- _Data_
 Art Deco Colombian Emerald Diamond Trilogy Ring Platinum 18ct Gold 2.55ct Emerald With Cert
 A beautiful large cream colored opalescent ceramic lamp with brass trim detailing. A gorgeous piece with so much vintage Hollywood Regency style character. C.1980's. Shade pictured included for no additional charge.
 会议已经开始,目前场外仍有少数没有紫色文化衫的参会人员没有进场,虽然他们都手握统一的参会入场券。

* * *

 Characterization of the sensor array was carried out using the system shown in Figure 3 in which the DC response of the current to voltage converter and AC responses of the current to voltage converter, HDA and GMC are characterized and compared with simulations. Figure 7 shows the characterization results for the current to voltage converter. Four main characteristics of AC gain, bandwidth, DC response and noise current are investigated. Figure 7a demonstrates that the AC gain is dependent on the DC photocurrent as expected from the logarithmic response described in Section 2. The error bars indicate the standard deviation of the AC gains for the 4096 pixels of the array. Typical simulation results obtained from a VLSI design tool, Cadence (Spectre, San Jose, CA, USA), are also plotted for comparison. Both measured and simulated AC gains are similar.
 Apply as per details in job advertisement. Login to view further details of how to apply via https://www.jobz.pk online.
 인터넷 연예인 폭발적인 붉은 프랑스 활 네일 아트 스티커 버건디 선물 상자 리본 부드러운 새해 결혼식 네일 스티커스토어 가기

==

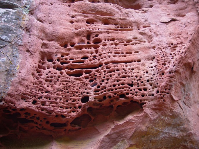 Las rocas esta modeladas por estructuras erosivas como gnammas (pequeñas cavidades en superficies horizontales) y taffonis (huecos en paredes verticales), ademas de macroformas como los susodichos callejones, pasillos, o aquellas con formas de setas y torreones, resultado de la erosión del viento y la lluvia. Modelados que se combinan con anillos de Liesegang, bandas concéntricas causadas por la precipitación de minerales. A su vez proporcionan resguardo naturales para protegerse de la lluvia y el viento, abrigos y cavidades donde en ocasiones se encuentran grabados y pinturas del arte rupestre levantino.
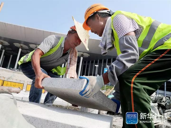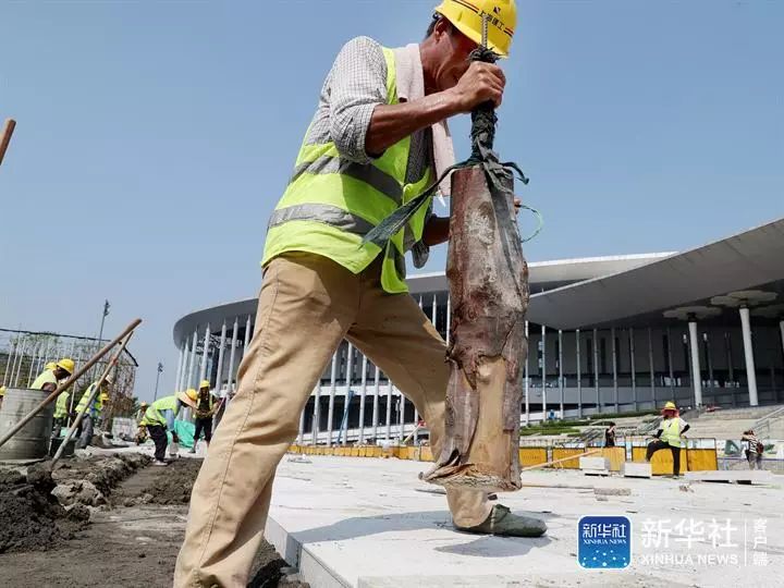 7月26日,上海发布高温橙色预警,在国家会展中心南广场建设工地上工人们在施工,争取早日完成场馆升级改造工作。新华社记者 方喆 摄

- _Assignment_
For the lines above, output exactly those from the line containing "A beautiful large" through the line containing "会议已经开始,目前场外仍有少", and skip the others.

- _Exercise answer_
 A beautiful large cream colored opalescent ceramic lamp with brass trim detailing. A gorgeous piece with so much vintage Hollywood Regency style character. C.1980's. Shade pictured included for no additional charge.
 会议已经开始,目前场外仍有少数没有紫色文化衫的参会人员没有进场,虽然他们都手握统一的参会入场券。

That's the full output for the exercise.